Verifying railways systems covers many aspects and requires a large number of cross-verifications, performed by a wide range of actors including the designer of the system, the company in charge of its exploitation, the certification body, etc. Even if complete automation is not possible, any automatic verification is welcome as it helps to improve the overall level of confidence.

Indeed a railways system is a collection of highly dependent sub-system specification and these dependencies need to be checked. They may be based on railways signalling rules (that are specific to every country or even every company in a single country), on rolling stock features (constant or variable train size or configuration) and exploitation conditions.

In France, AQL RATP laboratory initiated the development of a generic tool to verify trackside data for the metro line 1 in Paris that is being automated. This tool, based on the PredicateB predicate evaluator, is able to parse data (XML, csv or text-based formats), load rules and verify that data complies with rules. Initially tested on line 13 configuration data, the tool has been able to check 400 definitions and 125 rules in 5 minutes.

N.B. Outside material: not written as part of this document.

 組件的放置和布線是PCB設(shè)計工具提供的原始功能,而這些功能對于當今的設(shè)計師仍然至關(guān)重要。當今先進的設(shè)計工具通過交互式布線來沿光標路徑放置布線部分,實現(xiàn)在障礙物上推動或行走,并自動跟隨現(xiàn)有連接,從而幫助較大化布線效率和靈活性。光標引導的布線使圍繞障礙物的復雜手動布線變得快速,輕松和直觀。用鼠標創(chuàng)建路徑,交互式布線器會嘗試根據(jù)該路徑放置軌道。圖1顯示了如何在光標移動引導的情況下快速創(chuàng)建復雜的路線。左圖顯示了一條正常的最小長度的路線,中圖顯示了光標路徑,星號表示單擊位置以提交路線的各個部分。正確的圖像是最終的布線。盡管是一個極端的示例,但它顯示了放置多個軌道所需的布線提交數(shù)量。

During the DEPLOY project, the University of Düsseldorf and Siemens Transportation Systems have elaborated a new approach, based on the ProB model checker to dramatically reduce validation duration from about six months to some minutes. Data is extracted from ADA source code and properties come from B models. In the case of the San Juan project, 79 files with a total of 23,000 lines of B are parsed to extract 226 properties and 147 assertions. The verification took 1017 seconds and led to the discovery of 4 false formulas. ProB was then experimented with great success on several projects: Roissy Charles de Gaule airport shuttle, Barcelona line 9, San Paulo line 4, Paris line 1 and Algiers line 1. At that occasion, ProB was slightly improved in order to deal with large scale problems and well validated in order to ease its acceptance by a certification body.

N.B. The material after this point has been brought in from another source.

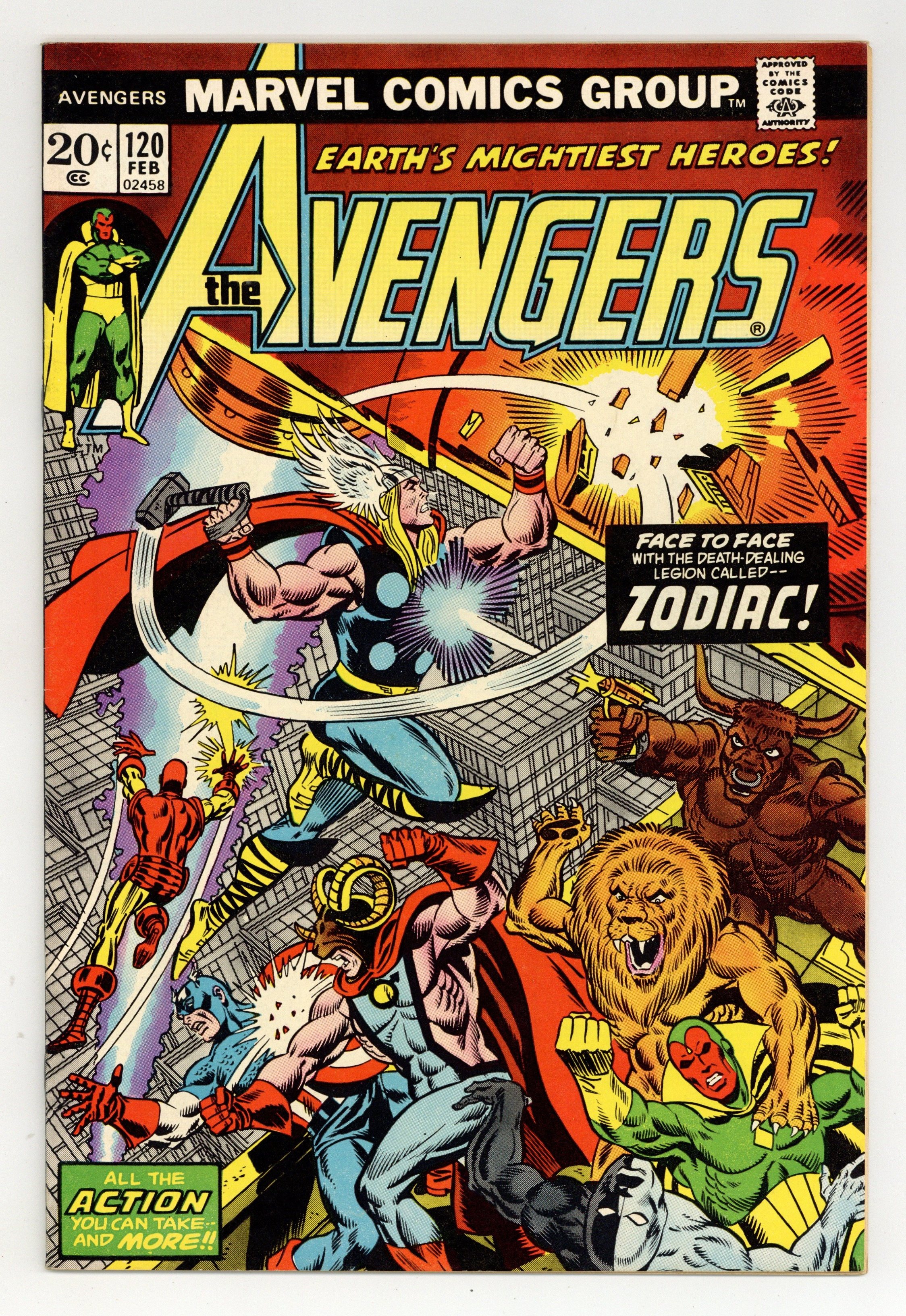 Starts Dec 15 "Death-Stars of the Zodiac!" Part 1 of 3. Script by Steve Englehart. Pencils by Bob Brown. Inks by Don Heck. Cover by Jim Starlin and Frank Giacoia. As shown on Jim Starlin's spectacular cover, the Zodiac attacks! Taurus (aka Cornelius Van Lunt) has reformed the 12-member cartel for one express purpose! Destroying the Avengers! In brazen fashion, the super-villains from the stars storm into Avengers Mansion and overwhelm the five avengers inside! After licking their wounds, Earth's Mightiest Heroes discover that Taurus has another diabolical objective on his agenda! Kill every person in Manhattan born under the sign of Gemini! Wow, where did the Zodiac get that kind of power? It doesn't matter now as Taurus' giant star-blaster is set to fire its death-ray from atop the World Trade Center! It's a frantic race against time to save thousands of Gemini! Avengers Assemble! Avengers Lineup: Iron Man, Mantis, Scarlet Witch, Swordsman, Thor, and the Vision. (Note: Captain America is depicted on the cover but does not appear in the story inside.) 36 pages Cover price $0.20. Grade: VF 8.0 explanation of grade Condition: Used (collectible)

Data Table Validation Tool

Alstom Transport Information Solutions decided to experiment a new approach by reusing successful features of previous experiments.

A new tool, DTVT, is defined and implemented. Its structure is presented below.

Input data is in csv format. Data items are identified through their container file and their name.

Supported basic types are INT, BOOL and STRING. Data items are sequences of these basic types. Values are extracted from xls files.

The verification rules are expressed using the B mathematical language and structured as B operations. Instead of having to deal with too large, quantified predicates, a verification rule is decomposed in small steps that allow displaying accurate error message helping to determine the source of the error. A rule is composed of one or several COUNTEREXAMPLEs. COUNTEREXAMPLEs are evaluated in the order they are defined. Keyword COUNTEREXAMPLE is followed by a formatted message (%1, %2, %3, etc. represent the value of the first, second, third parameter of the following ANY substitution). The ANY substitution allows to filter data or to calculate values. The ANY substitution is followed by an EXPECTED field. If some values of the parameters of the ANY substitution satisfy the predicate of that substitution but don’t satisfy the predicate of the EXPECTED field, the error message is displayed with its parameters instantiated.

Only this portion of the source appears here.